Always Sometimes Monsters Preview

Stop me if you’ve heard this one.

Justin Amirkhani and Jake Reardon sit at the corner table of the Crusty Cream doughnut and coffee shop and wax philosophical about cliché game mechanics. To a silent observer curiosity may be piqued, but this self-referential scene actually takes place within the four walls of Always Sometimes Monsters, Vagabond Dog’s game which hits Steam later this month. Although the cynical world they’ve created is anything but cliché, it is still approachable and intriguing at every step. The incomplete build I played was actually quite lengthy, so much so that when it was over I didn’t know what to do with myself.
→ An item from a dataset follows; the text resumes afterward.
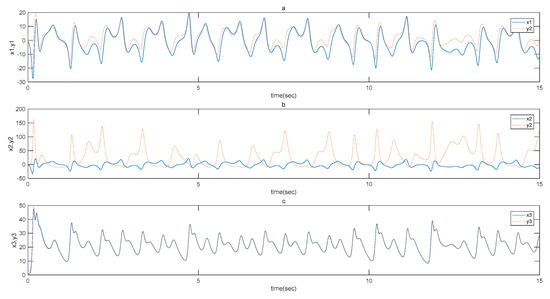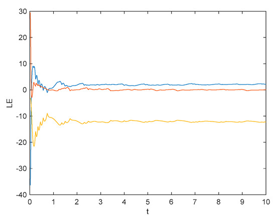 - Determine the step size and the interval of solution. Taking the fractional-order unified chaotic system as an example, the step size h = 0.01 is selected. The number of points is selected as N = 10,000, and the upper limit of integration is T = 100 (h = T/N).

Always Sometimes Monsters starts with a party thrown by your character’s publisher; through a crafty selection process the player chooses the character that best represents him or her and the lost love chased throughout the remainder of the story. As I stated in my write-up last month, players can choose between male or female and a handful of races with sexuality determined by the similarly diverse partner selection. You may not get to customize your avatar, but trust me when I tell you that you haven’t seen these folks before.
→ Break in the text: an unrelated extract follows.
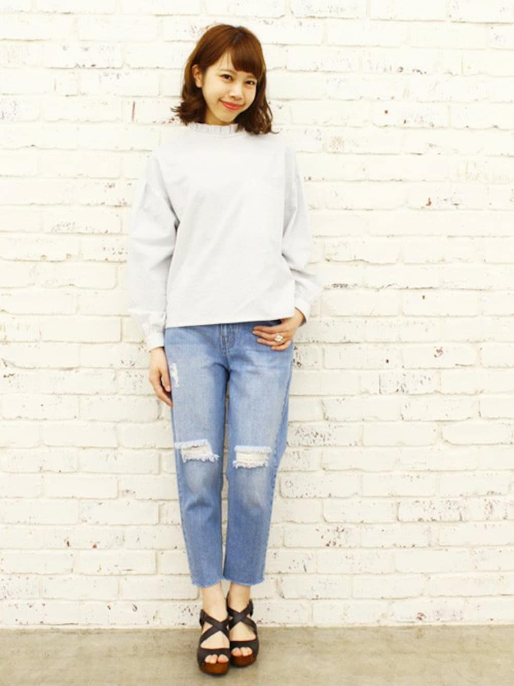 かとまり(Kastane)のデニムパンツ「【Kastane】ダメージ断ち切りデニムパンツ」を使ったコーディネート

The game really begins after this party, a year later with you unable to pay rent, unable to finish a book, and missing the love of your life. Then, Dubstown lays in wait. You know you need money and you need to leave town, but how you manage it and how long it takes is ultimately up to you. Both available cities I visited shared a number of features in common: Pawn Exchange where you can sell random items, Bacon Barn where you can fulfill your bacon love and refill stamina, Crusty Cream where you can have a coffee or eight, and an employment agency, which offers job choices to pass the time.
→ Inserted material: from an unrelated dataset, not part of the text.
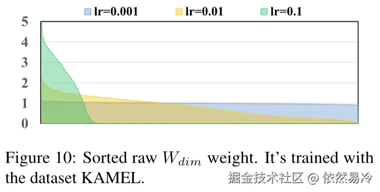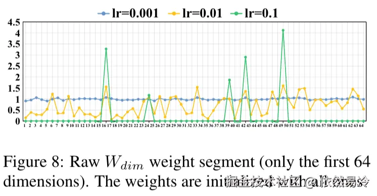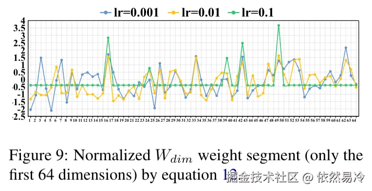 ⑨【图9】归一化后,不同学习率下的 W_dim权重呈现相似趋势,共享参数中数值较高的维度对工具选择起关键作用。

The scenarios you encounter and conversations you have deal quite heavily in morality, but this is no inFamous or Mass Effect where you’re trying to build a meter or anything. Sure, character interactions will change based on your decisions, but you’re not saving the world here. I’d say this more closely resembles The Witcher in that the choices you make often stand alone (so far) and the more objectionable ones make sense in their context. I blackmailed a doctor to help a friend who couldn’t afford drug treatment and I was complicit in a rigged election. Money, health, and progress are the orders of the day, though, and when you are in need, you come faced with decisions you wouldn’t ordinarily make.

Although I played Always Sometimes Monsters for hours, I’m still yearning for more but I’ll have to wait with everyone else. If you want something to tide you over, and Let’s Plays aren’t cutting it, I recommend the small EP released by Laser Destroyer Team, the band behind the soundtrack. It’ll scratch your itch until you can get your hands on the good stuff.